__Aim of the task__
What you return should be only the lines in the entries below between the one holding "FIGURES AND BOATS" and the one holding "Added four words", ends included, with every picture left out.

__Materials provided__
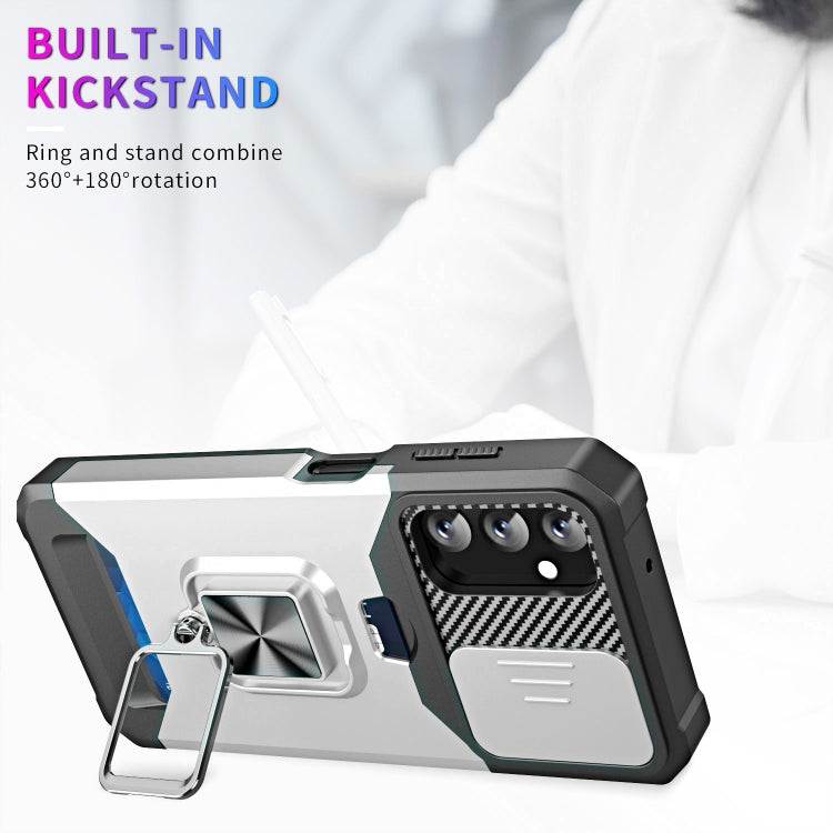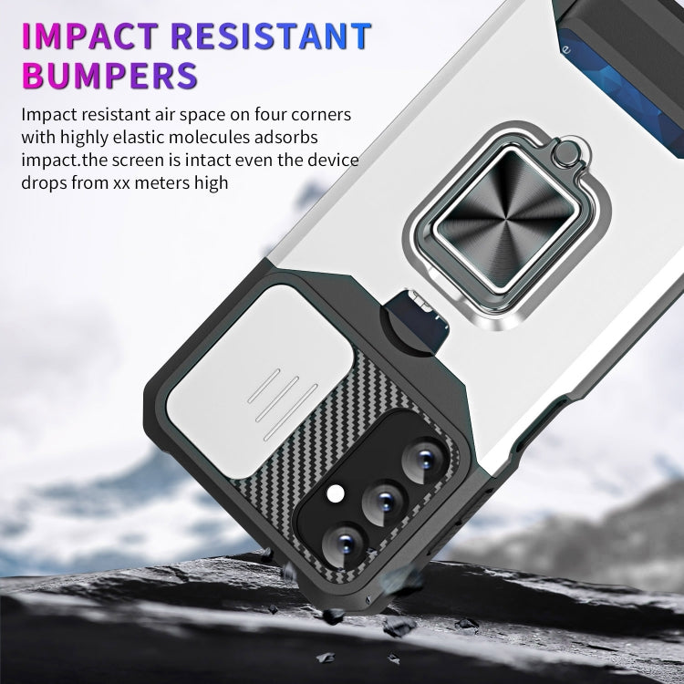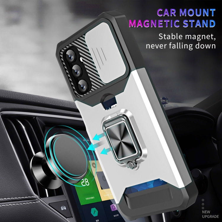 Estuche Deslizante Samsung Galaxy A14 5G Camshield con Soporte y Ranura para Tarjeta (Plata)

--

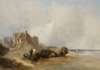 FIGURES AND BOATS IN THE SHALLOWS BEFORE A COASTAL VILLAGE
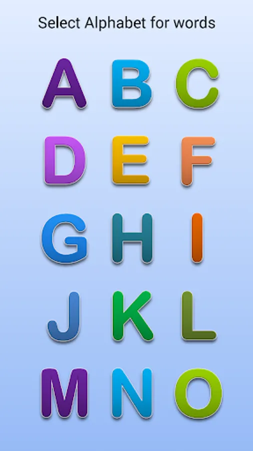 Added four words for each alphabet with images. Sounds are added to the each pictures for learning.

__Solution__
 FIGURES AND BOATS IN THE SHALLOWS BEFORE A COASTAL VILLAGE
 Added four words for each alphabet with images. Sounds are added to the each pictures for learning.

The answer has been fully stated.